RATIONALE: Commercially available technology solutions (hardware, software, and services) present significant benefits including lower cost, rapid innovation, product feature variety, and ability to choose from competing vendors. However, acquiring these solutions introduces additional risk to the organization because of decreased visibility into how the solutions are developed, integrated, and deployed, as well as the processes to ensure the security, resilience, reliability, integrity and quality of the solutions. The intent of this goal is to ensure that items and services are procured from trusted sources and have traceability through use of a trusted distribution path.

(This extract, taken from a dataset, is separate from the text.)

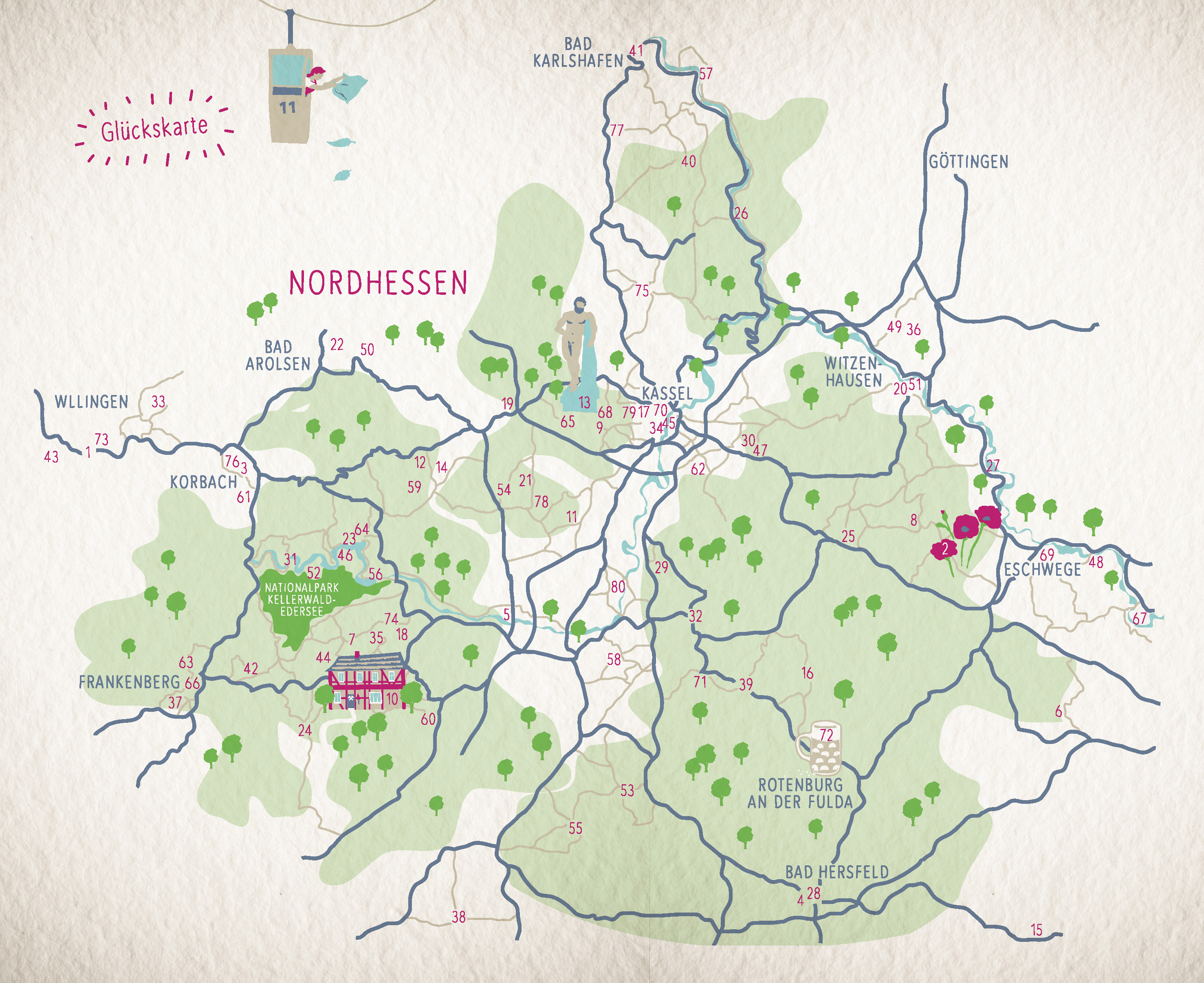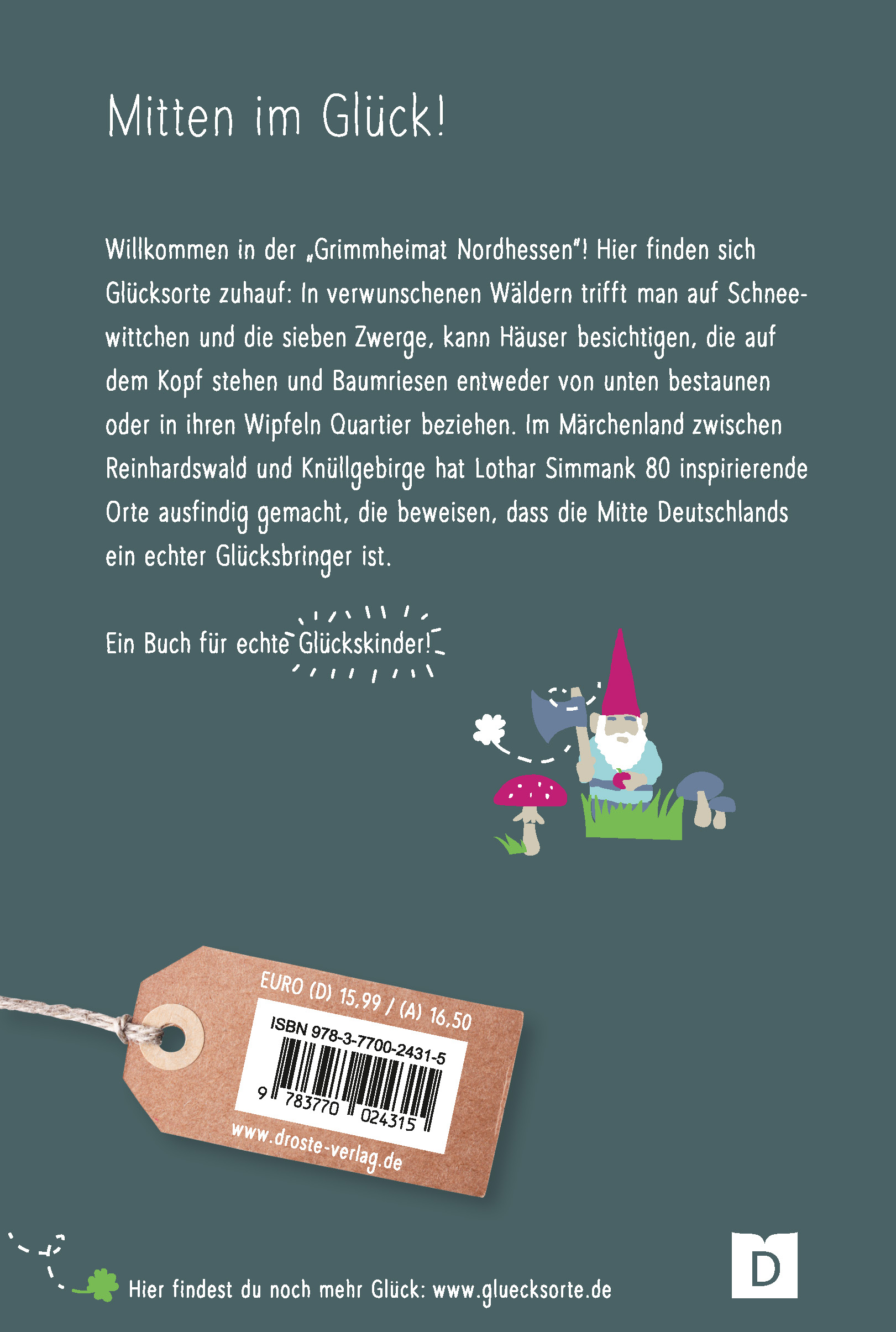 Willkommen in der "Grimmheimat Nordhessen"! Hier finden sich Glücksorte zuhauf: In verwunschenen Wäldern trifft man auf Schneewittchen und die sieben Zwerge, kann Häuser besichtigen, die auf dem Kopf stehen und Baumriesen entweder von unten bestaunen oder in ihren Wipfeln Quartier beziehen. Im Märchenland zwischen Reinhardswald und Knüllgebirge hat Lothar Simmank 80 inspirierende Orte ausfindig gemacht, die beweisen, dass die Mitte Deutschlands ein echter Glücksbringer ist.

- Ensure control system procurement processes include physical and cybersecurity in acquisition decisions and contract arrangements
- Sample Evidence of Implementation: Organization policy dictates that all contractual agreements for outsourced control system services have processes for and ensure proper incident handling and reporting, security of interconnections, and remote access specifications and processes
- Ensure tier one vendors in the supply chain are appropriately vetted to include vendor vetting of their own personnel, vendor vetting of service providers, and vendor vetting of products and software
- Sample Evidence of Implementation: Organization has a due diligence program to conduct consistent, robust vetting of tier one vendors
- Ensure sub-tier vendors in the supply chain are appropriately vetted to include vendor vetting of their own personnel, vendor vetting of service providers, and vendor vetting of products and software.
- Sample Evidence of Implementation: Organization has a due diligence program to conduct consistent, robust vetting of sub-tier vendors.
- Ensure vendor-provided software and patches for control systems are reviewed and tested in a safe environment before deployment.
- Sample Evidence of Implementation: Organization maintains and uses a “sandbox” and test and review vendor-provided software for malicious code or defects.